KR100827468B1 - Electric boiler using high frequency induction heaing - Google Patents

Abstract

An electric boiler is provided to transfer uniformly and quickly heat into a heating cylinder by increasing the heated area, and allow for smooth flow of fluid by guiding the straight flow. An electric boiler includes a heating cylinder(10), a second tubular heater(32), a first tubular heater(31), and induction coils(21,22). The heating cylinder has an internal space, and a water inlet and a water outlet. The second tubular heater is arranged in the heating cylinder. The first tubular heater is arranged in the second tubular heater.
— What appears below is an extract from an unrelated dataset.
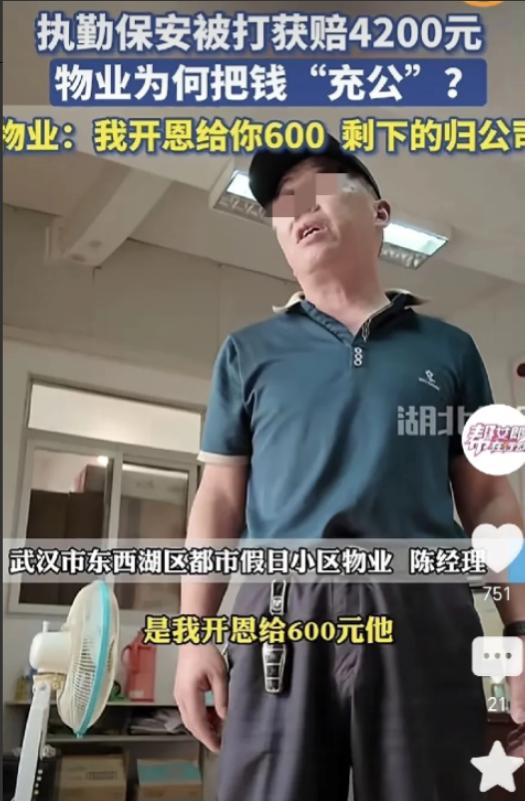 想钱想疯了!湖北武汉,一男子在小区当保安,执勤时被业主打伤,业主赔偿他4200元,男子不会电子支付,委托物业帮他收款,事后,男子到物业要钱,物业经理不给: 这是业主赔给物业的钱,我开恩给你600元,剩余的钱充公!结局令人意外! 合同白纸黑字摆那,通知明明写得清清楚楚,赔偿就是给龚师傅的。 但物业经理愣说:“这是咱物业的公款,这钱谁都动不了,给你六百都算我大发慈悲。” 龚师傅年纪不小,守了一辈子门,电子支付怎么也学不会,信得过物业是自己人,这才拜托帮忙收赔付款。 结果自己的补偿款,东拼西凑赖到别人账上,一开口讨钱还被羞辱一通。 龚师傅被逼得没辙,找媒体帮说句公道话。 事件曝光,网友全体炸了锅,关键时刻,当地民警出现,用最直接的实锤把调解协议拍到桌上。 官方一锤定音,写明了赔钱款项属于龚师傅,物业经理之前的套路都不算数,网友齐喊“解气”。 其实,真要说物业经理的骚操作算不上什么新鲜套路,放在职场、演艺圈、合伙团体,能见到各种各样奇葩。 金钱到了别人口袋,哪怕只隔着一个转账通道,也有人想方设法“留下一口汤”。 但这年头,群众都明白一个道理:合同是合同,自己劳动的汗水,不能被一句“规矩”就塞进别人兜里。 龚师傅维权路上无奈、惊愕、到找记者再到民警介入,每一步其实都备受关注,全因为人性层面的不甘谁都懂。 看回最近的社会新闻,企业或团体也常有类似画风。有些涉外公司高管利用信息不对等,借口流程繁杂、制度“黑箱”运作,擅自挪用员工应得奖励,最终被曝光后丢了职位,还留下行业口碑大滑坡。 但社会进步的一面就在这里,媒体和执法机关一亮相,“真相”很快冲洗掉那些歪风邪气。 龚师傅虽然苦了一阵,好歹还是拿回了自己本来该有的钱。 物业经理把戏演砸了,个人名声全网乱飞,堪称反面典型教材,谁再想学点歪门邪道,先看这出新闻得琢磨清楚后果。 回到生活日常,人情冷暖说到底就体现在这些细节里。一个承诺一句公道话,常常比钱本身更让人走心。 龚师傅把希望托付给物业,本只是出于信任,但社会太复杂,正直反遇黑心,靠得住的往往还是法律和舆论。

The induction coils are arranged between the second tubular heater and the first tubular heater.

Description

High Frequency Induction Heating Electric Boiler {ELECTRIC BOILER USING HIGH FREQUENCY INDUCTION HEAING}

1 is a block diagram conceptually showing a high frequency induction heating type electric boiler of the present invention.
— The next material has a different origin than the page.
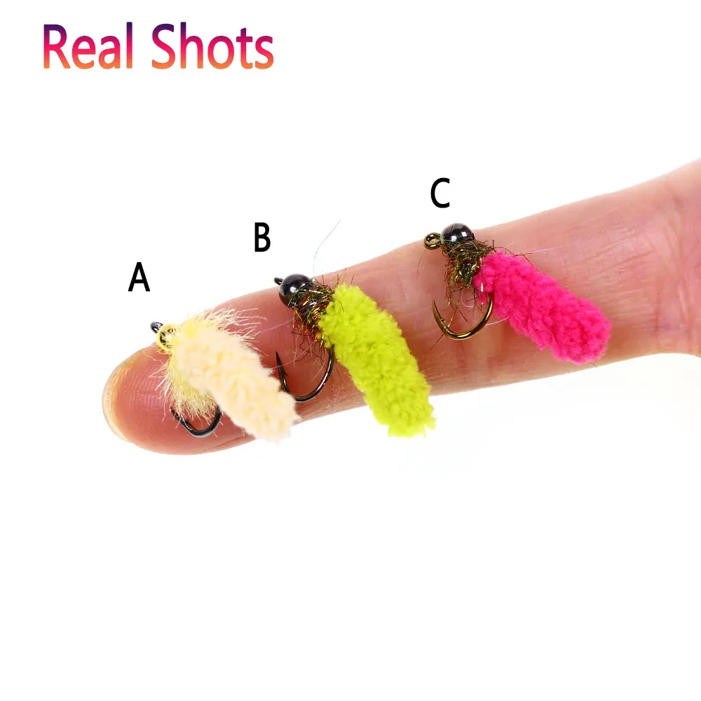 Bimoo 6 uds latón/cabeza de cuentas de tungsteno fregona mosca grúa Artificial mosca Caddis larva jig húmedo ninfa mosca trucha Grayling Señuelos de pesca

Figure 2 is a cross-sectional view showing an electric boiler of the high frequency induction heating method according to a first embodiment of the present invention.

3 is a cross-sectional view taken along the line A-A of FIG.

4 is a bottom view taken along the line B in FIG. 2;

5 is a cross-sectional view showing an electric boiler of a high frequency induction heating method according to a second embodiment of the present invention.

Brief description of symbols for the main parts of the drawings

10: heating tube 21, 22: induction coil

31, 32: 1st and 2nd heating body

The present invention relates to a boiler, and more particularly to an electric boiler using a high frequency induction heating method.

A boiler is a device that burns fossil fuel such as petroleum, coal, and gas and transmits the heat of combustion to water to heat it. In recent years, the price continues to rise as resources such as petroleum and gas are gradually exhausted. Since there is a problem of environmental pollution due to the generation of various harmful gases in the burning process, in recent years electric boilers using electric energy has been widely used.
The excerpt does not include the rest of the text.